'The Beast' Asteroid Pictured In Amazing Detail By Earth-Based Radar

This Is A Near-Earth Asteroid. Its Name Is 'The Beast'. It Is Scary.

Nasa has revealed some astonishingly detailed images of a huge near-Earth asteroid nicknamed "the Beast".

The 21 pictures were produced using an Earth-based radar, when the asteroid 2014 HQ124 was between 864,000 and 902,000 miles from the Earth on Sunday.

They manage to show the texture and structure of the asteroid, and represent the most detailed pictures ever taken.

The asteroid is about 1,200 feet wide, and appears to have once been two rocks that have now fused together.

"This may be a double object, or 'contact binary,' consisting of two objects that form a single asteroid with a lobed shape," said Lance Benner of Nasa's Jet Propulsion Laboratory.

The asteroid whizzed past Earth at 31,000 mph, but never posed a danger to Earth. If one this size did crash into our planet, it would be devastating on a city-destroying scale.

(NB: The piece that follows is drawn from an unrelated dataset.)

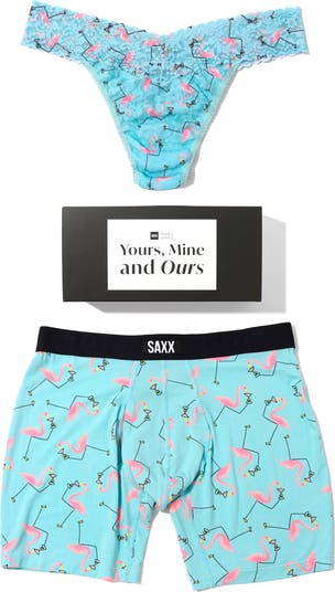 The Signature Lace Original Rise Thong and a SAXX Super Soft Vibe Boxer Brief make the perfect couple's gift for any holiday or just because.

"To obtain the new views, researchers paired the 230-foot (70-meter) Deep Space Network antenna at Goldstone, California, with two other radio telescopes, one at a time. Using this technique, the Goldstone antenna beams a radar signal at an asteroid and the other antenna receives the reflections. The technique dramatically improves the amount of detail that can be seen in radar images.

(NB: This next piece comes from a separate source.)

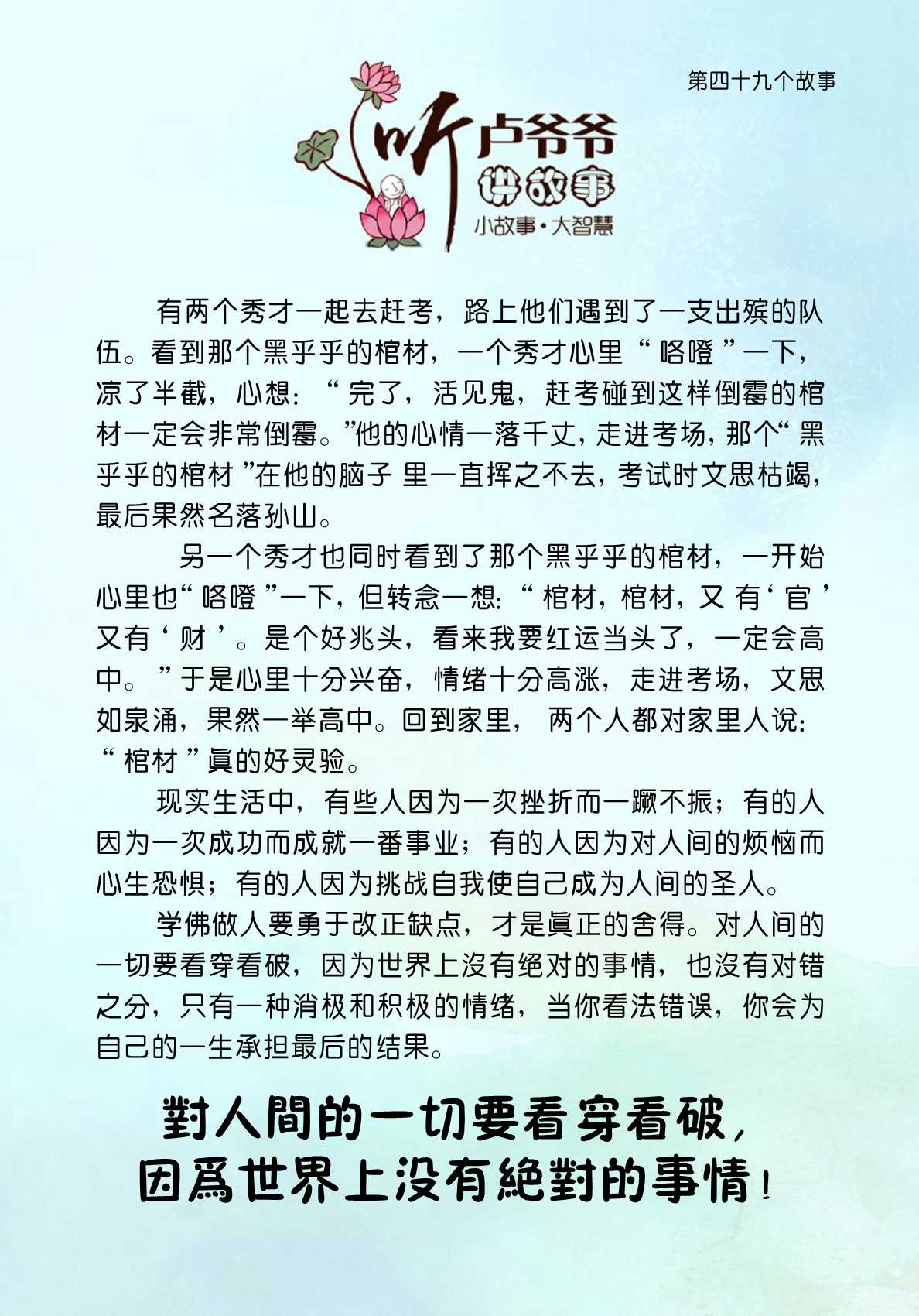 049、对人间的一切要看穿看破,因为世界上没有绝对的事情!

To image 2014 HQ124, the researchers first paired the large Goldstone antenna with the 1,000-foot (305-meter) Arecibo radio telescope in Puerto Rico. They later paired the large Goldstone dish with a smaller companion, a 112-foot (34-meter) antenna, located about 20 miles (32 kilometers) away.

A recent equipment upgrade at Arecibo enabled the two facilities to work in tandem to obtain images with this fine level of detail for the first time."